Ответим: лицемерие - это тоже "резиновый дедушка". По мне, лицемер - кто не перематерит меня хорошенько, по тебе - кто не ест с ножа и говорит "пожалуйста". Если же спросить у людоеда, то по нему лицемер, кто не ест………

Короче, сызнова диалог.)

При звуке телефона Геня…

- Ахо.

- Все жрешь, - сказал родной голос. Промеж собой супруги всегда были запросто.

- А тебе и жалко, да? Ты где?

- В Рамат-Гане. Провернул одно дельце. Что у тебя?

- Ничего. Нолик Вайс звонил. В гости напрашивался, я его позвала тоже.

- Артист. И ты тоже… Без этого ломаки жить не можешь. Во все дыры пихаешь.

- Дурной ты какой. Я же тебе объясняю, что он сам позвонил. - Геня разозлилась - правда глаза колет. - Что он тебе сделал, хочу я знать?

- Раздражает. В морду охота дать.

- Кроме как в морду, ты ничего не знаешь.

- Сю-сю-сю, сю-сю-сю, на тебя, когда он приходит, смотреть противно: "Нолечка, сю-сю-сю".

- Ты бы на себя посмотрел, как ты вокруг него пляшешь, геро… ой! Кажется, звонок в дверь. Пока. Приезжай уже, слышишь, Кава?

Звонок был долгий. За дверью стоял друг Шварца по боевой колеснице.
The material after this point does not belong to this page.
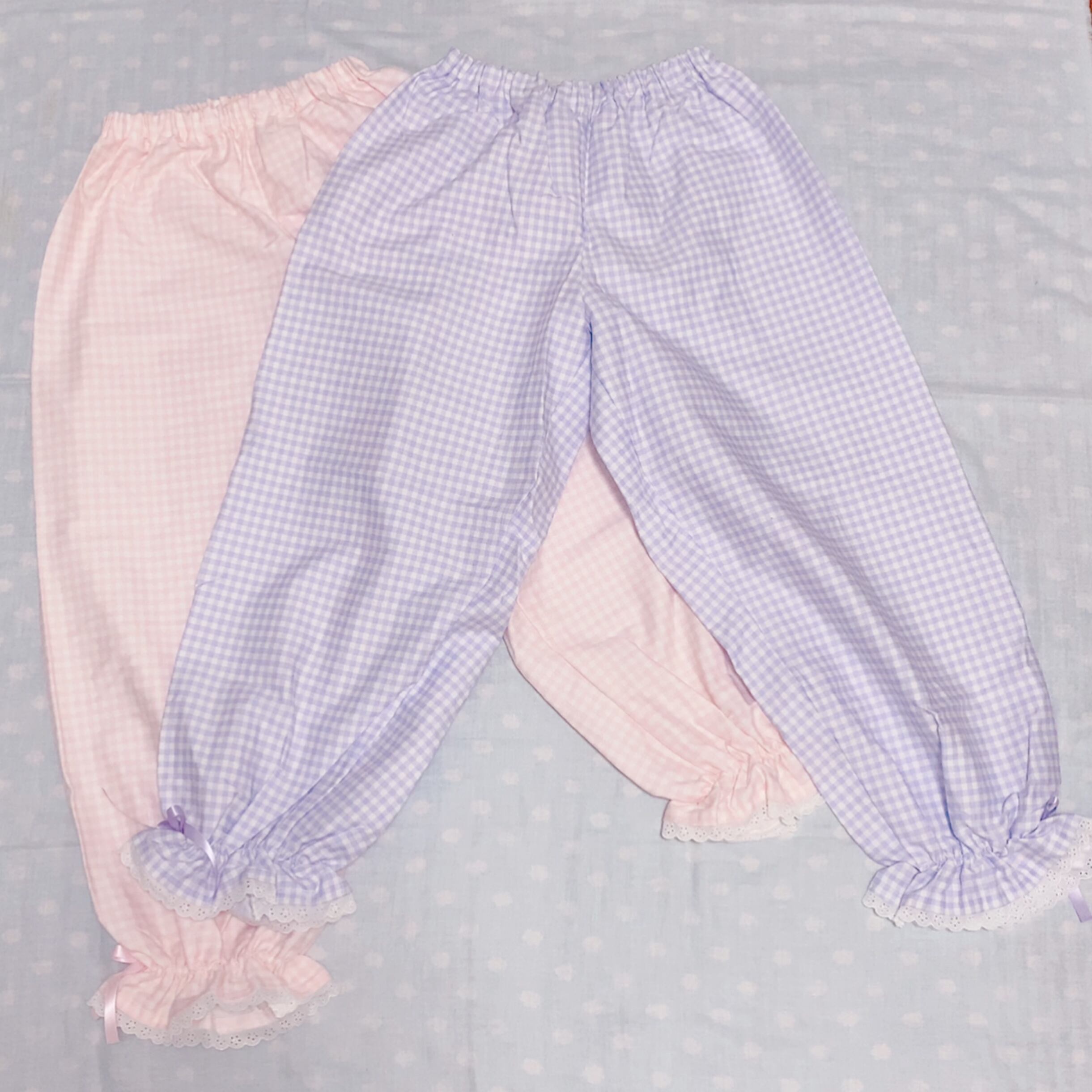 パステルチェックのパジャマズボン(ロングドロワーズ)

Геня отпирала дверь и одновременно пряталась за нее.

- Входите, но не смотрите на меня. - На Гене еще не было платья. - Кварц скоро будет.

- О! - воскликнул вошедший с непосредственностью того ребе, что вспомнил наконец, где оставил свои галоши. - Ага… а меня, значит, Бурис. - Разрешив таким образом первый из двух мучивших его вопросов, Борис одним махом разделался и со вторым: - Где у вас удобства?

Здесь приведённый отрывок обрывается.